Predicting response to cancer chemotherapy: the role of p53.

Loss of wild-type p53 activity is thought to be a major predictor of failure to respond to radiotherapy and chemotherapy in various human cancers. This assumption is largely based on some cell-death studies in p53-knockout mice and on correlations of p53 status assessed by immunochemistry or single-strand conformational polymorphism (SSCP) analysis, and responses to therapy in human cancers in vivo. In principle, p53 may enhance chemosensitivity by promoting apoptosis via transcription-independent mechanisms as well as transcriptional activation of proapoptotic genes such as bax and transcriptional repression of antiapoptotic genes such as bcl-2. Drug-induced suicide mediated by the CD95/CD95 ligand system may also involve a p53-controlled pathway. Yet, p53 may decrease chemosensitivity by promoting p21-mediated and p21-independent growth arrest, DNA repair, and differentiation, and by enhancing the transcription of antiapoptotic genes such as bcl-x. Cell-culture work indicates that the effects of altering the p53 status on chemosensitivity depend very much on the cellular context. Disruption of p53 function in otherwise normal, nonneoplastic cells may enhance rather than decrease chemosensitivity. However, targeted p53 gene disruption in some cell types obtained from p53-knockout mice results in enhanced rather than decreased sensitivity, e.g., to irradiation.
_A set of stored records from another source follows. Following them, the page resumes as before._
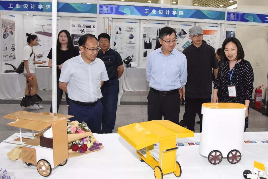 5月19日上午,山东省教育听副厅长关延平一行在2025新澳门免费原料大全副院长董占军的陪同下,来到工业设计学院展区参观指导。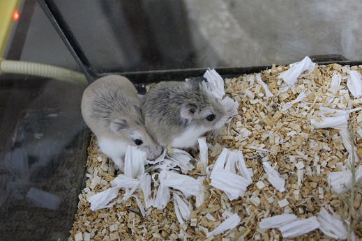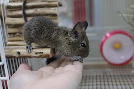 久々のねずみ達!! 小動物の事 2017年11月25日 皆さんこんにちは!藤子です。 今日は 久々に入荷したねずみさんを紹介します まずは… デグーの男の子です。H29・10月生まれ おめめパッチリで可愛いですよ 大きさは 、 少し分かりづらいですがまだまだおちびちゃんですね(´∀`) 少し甘噛みが下手ですが人が来ると興味津々で近づいてくるので おそらく慣れてくれると思います。 お次は… ロボロフスキーハムスターです。H29・9月生まれ 女の子2匹、男の子1匹の入荷になってます(写真は女の子です) ロボハムちゃんはほっぺがぷくぷくしてて可愛いですよね 紹介は以上となりますが とても良い表情の子がいたのでついでに少しご紹介します。 デグーとロボハムの写真を撮ってる後ろで…… フェレットのベビちゃん(1枚目男の子)と ミーちゃん(2枚目女の子)が気持ち良さそうに熟睡してましたww 2匹共とても慣れているので気になった方はぜひ当店へお越しください 皆様のご来店心よりお待ちしております。 ではでは~ [4回]PR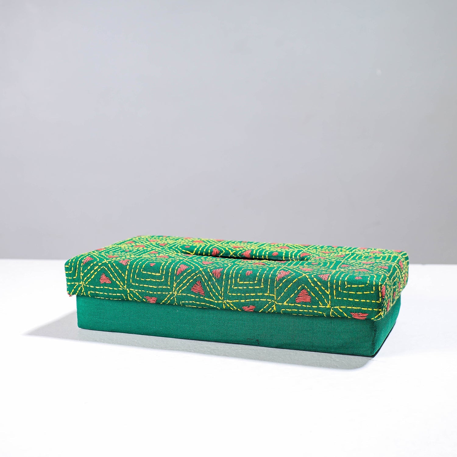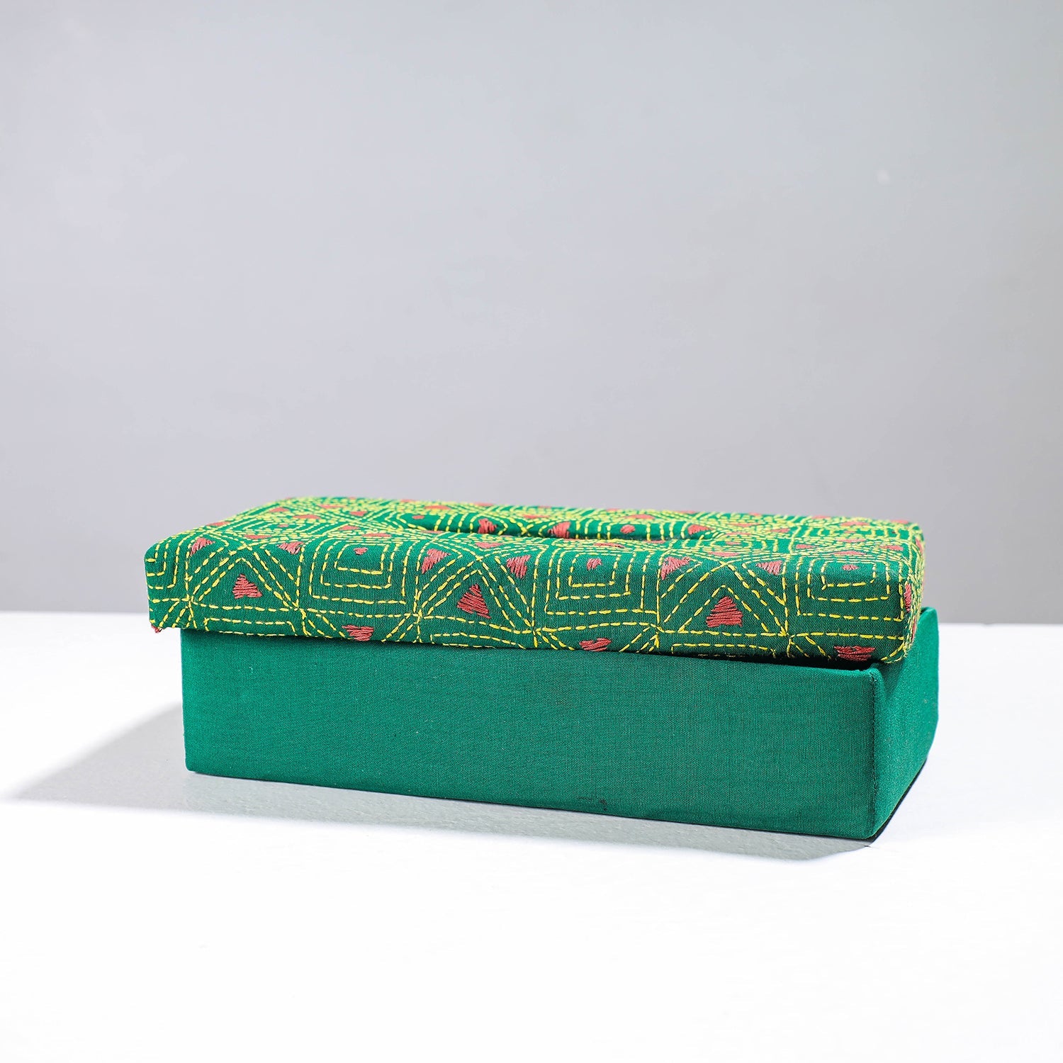 Fine quality, green handcrafted kantha-work tissue box from West Bengal. Made from hardboard, the box is lined with kantha work fabric. This tissue box is a beautiful and decorative box especially made for keeping tissues and paper napkins. Long lasting & sturdy material.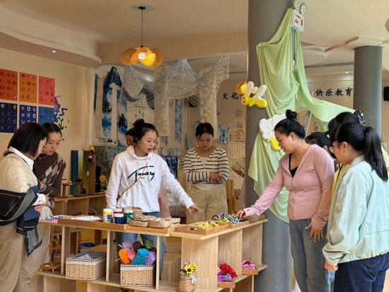 在党支部副书记薛梅的带领下,行政团队与全体教师深入各班,对扎染、面塑、造纸等八大非遗区角进行现场观摩与研讨。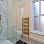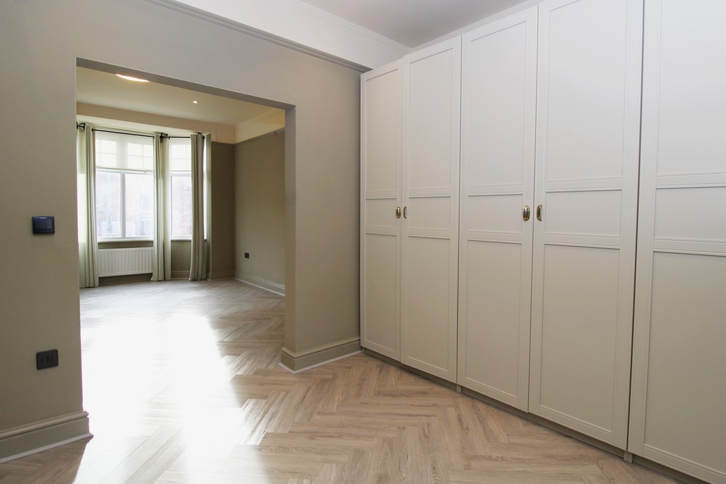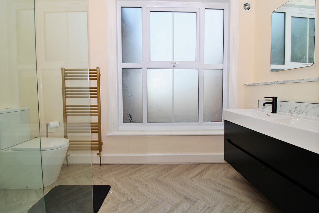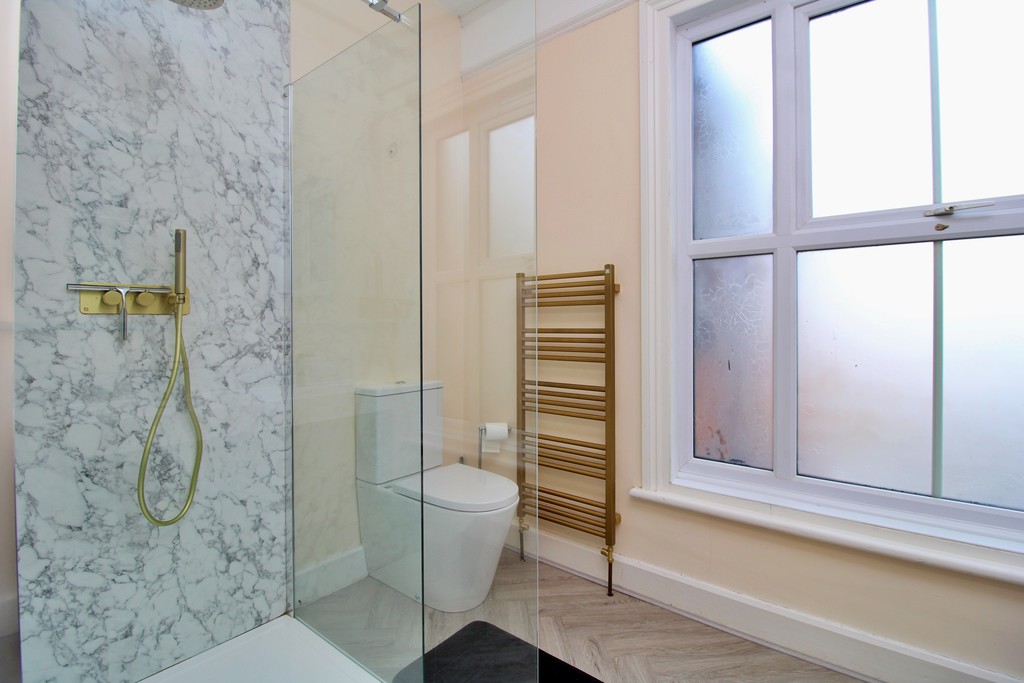 The first floor hosts the impressive principal bedroom, which enjoys a substantial dressing area with fitted wardrobes and access to a stylish en suite shower room, complete with a walk-in shower, his-and-hers sinks, radiator and underfloor heating. This floor also offers two further well-proportioned bedrooms and a beautifully refitted family bathroom featuring a four-piece suite, including a freestanding roll-top bath and separate shower cubicle.
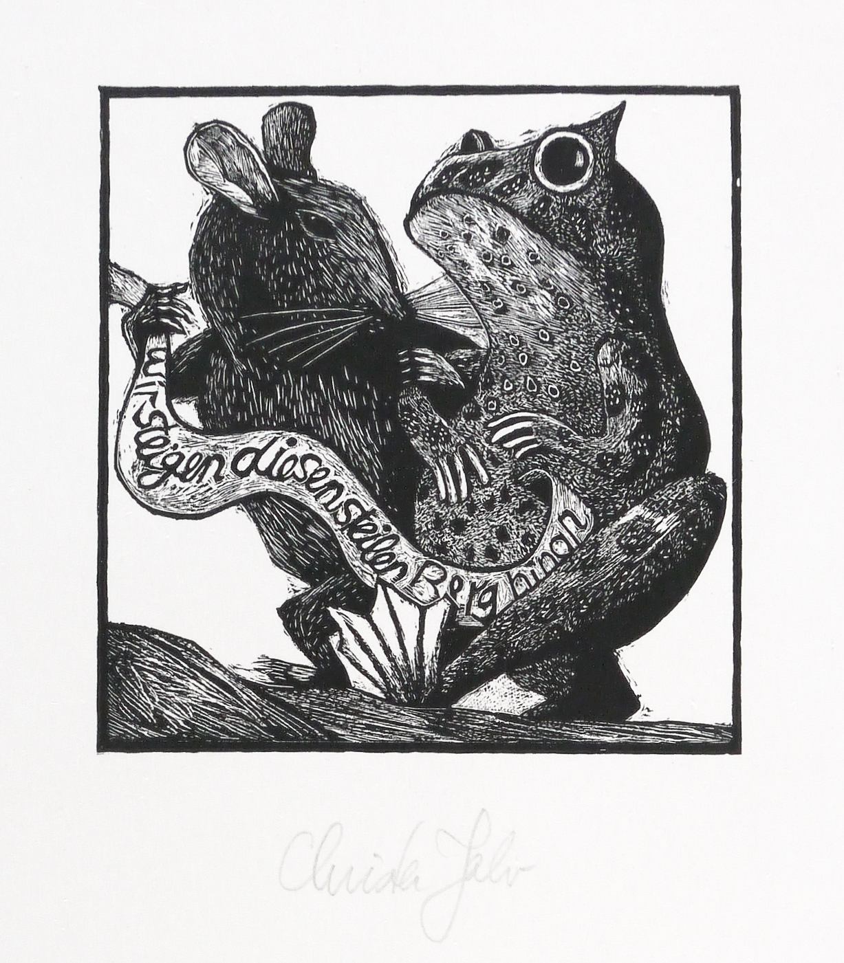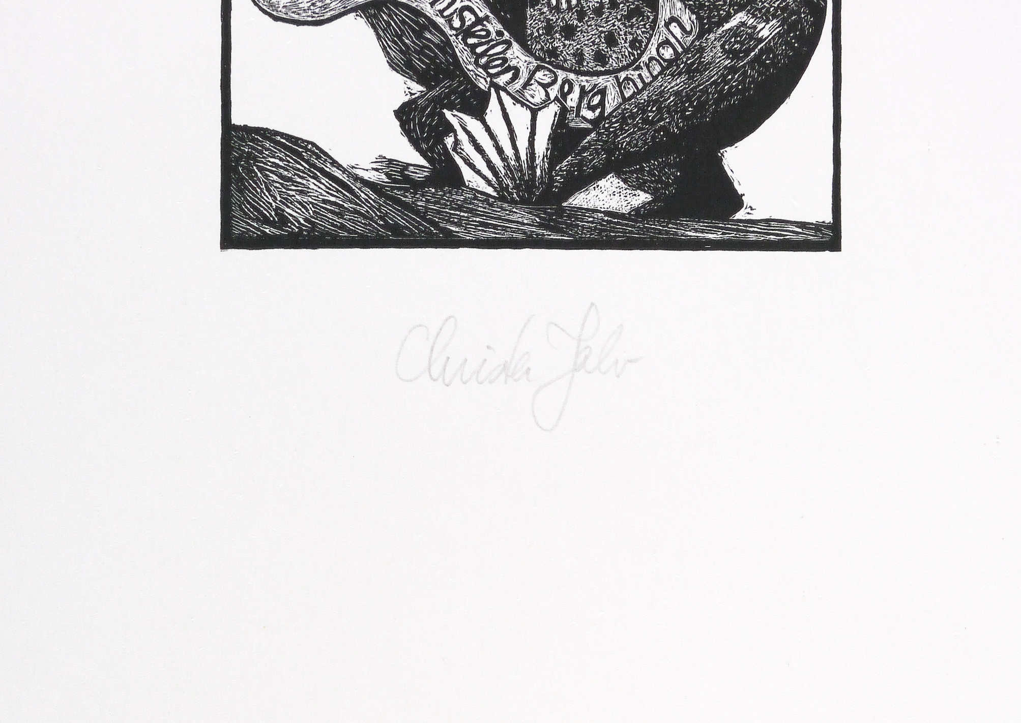Christa Jahr (*1941 Quedlinburg - lebt und arbeitet in Leipzig). Deutsche Grafikerin. 1962-68 Staatsexamen und Tätigkeit als Bibliothekarin. 1968-74 Studium an der Hochschule für Grafik und Buchkunst (HGB) Leipzig. 1987-91 Lehrtätigkeit im Vorstudium der HGB.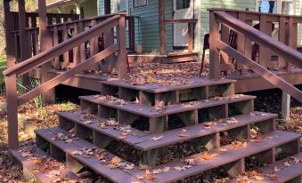 When you step out onto the side porch, there is a large table with six chairs under a roof, still a nice spot if it's a rainy day! The deck wraps around the back, uncovered. More chairs are here for additional seating. Theree is a gas grill for your use. You will see the backyard is large and beautiful! There's a fire ring in the yard that you are free to use. There is also a deck that wraps from the front of the house around one side with some additional seating. When out back you will see and hear the birds singing and hear the sound of the West Canada that runs below at the back of the property! We have seen heron fishing in the creek and occasionally bald eagles flying nearby.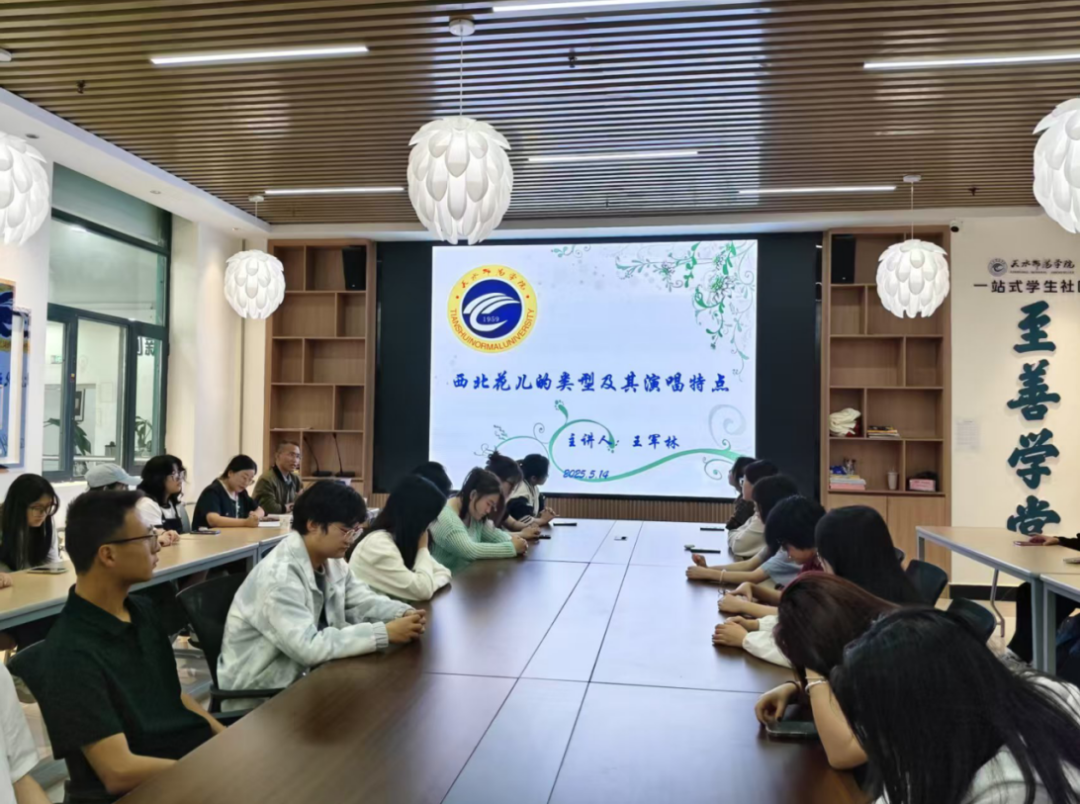 在深度解析环节,王老师通过自身实践调研经验,解构了"花儿"演唱的三大核心技艺:尖音唱法——如云雀穿云的真假声转换技法;苍音唱法——展现黄土高原厚重底蕴的"满口腔"发声;尖苍音唱法——刚柔并济的复合型演唱方式,现场播放的《眼泪花儿把心淹了》经典曲目,配合王老师对尖音唱法的示范讲解,让非遗艺术从教科书走进现实,使得同学们沉浸在跨越时空的文化对话中。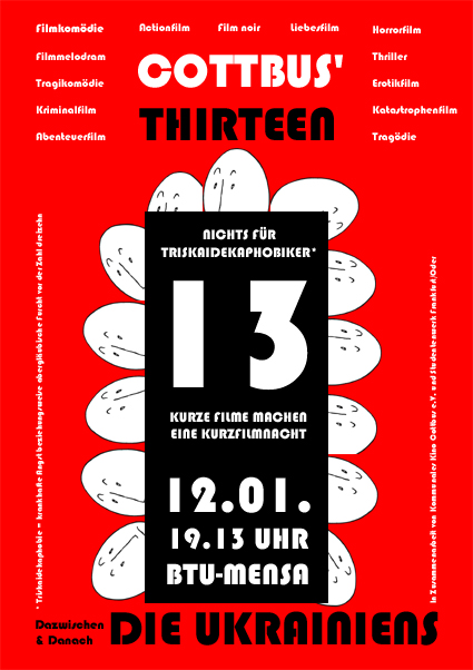 Lustiges, Schreckliches, Schräges, Nachdenkliches und noch viel mehr versprechen die 13 Filme mit denen wir Sie in eine heiße Nacht entlassen, denn dazwischen und danach spielen DIE UKRAINIENS Musik ukrainischer und russischer Barden, slawistische Folklore und russischen Rock und Pop.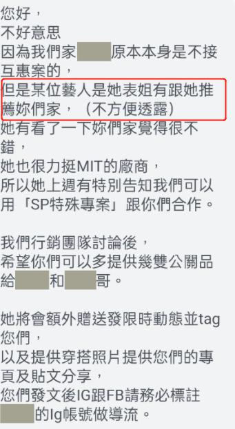 结果她却以有艺人亲戚的推荐为由,跟人家狮子大开口,要了一百多双袜子。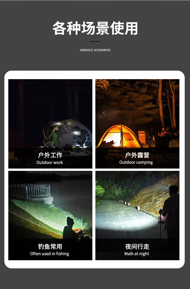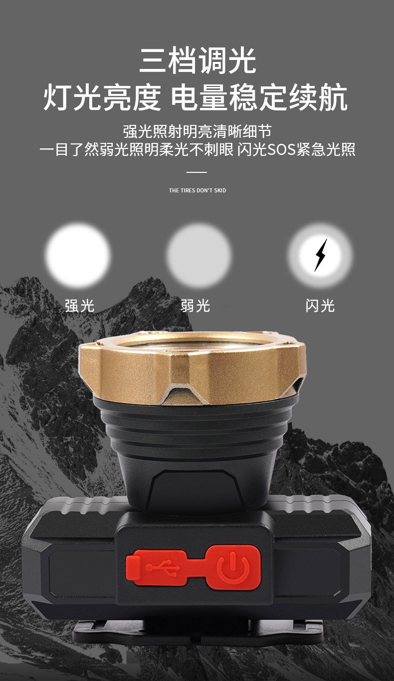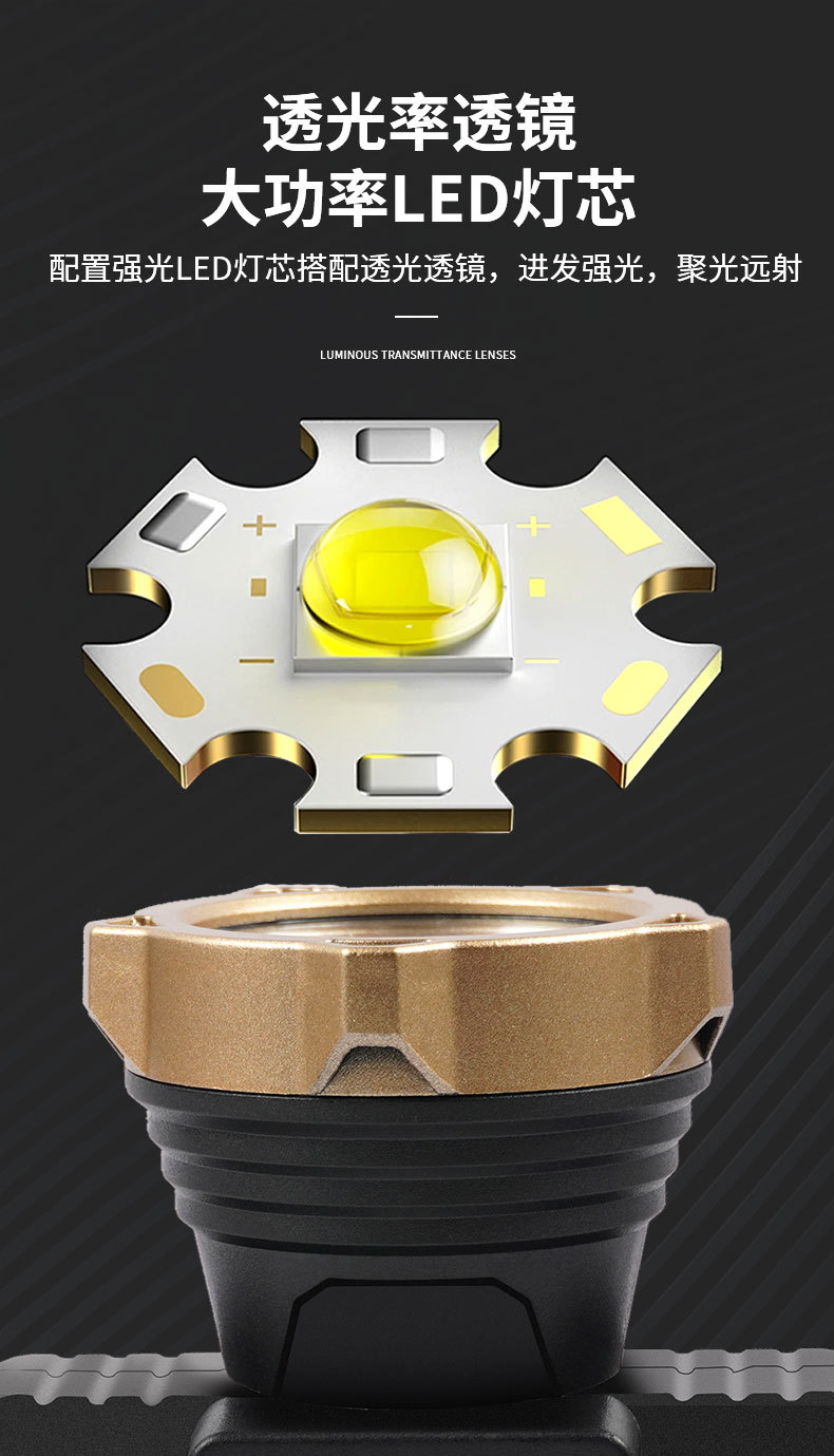 Iluminación al aire libre luz LED super brillante lámpara de cabeza multifuncional fuerte camping pescar USB carga lámpara de cabeza impermeable

Transformed cells that have retained wild-type p53 function tend to acquire chemoresistance when p53 function is disabled, with few exceptions. Thus, preexisting molecular alterations or consecutive accumulation of molecular alterations after loss of p53 rather than the loss of wild-type p53 activity per se may confer chemoresistence to tumor cells. Moreover, p53 accumulation resulting from the increased half-life of mutant p53 proteins can act as a gain-of-function mutation, presumably as a consequence of multiple protein-protein interactions. Finally, significant tumor cell-type- and drug-specific patterns of modulation of chemosensitivity by p53 are beginning to emerge. Transfer of wild-type p53 genes into tumor cells commonly induces growth arrest but may render these cells relatively more resistant to most chemotherapeutic drugs. Therefore, careful experimental in vitro and in vivo studies are required before chemotherapy-supported p53 gene therapy for human cancer is introduced into clinical practice.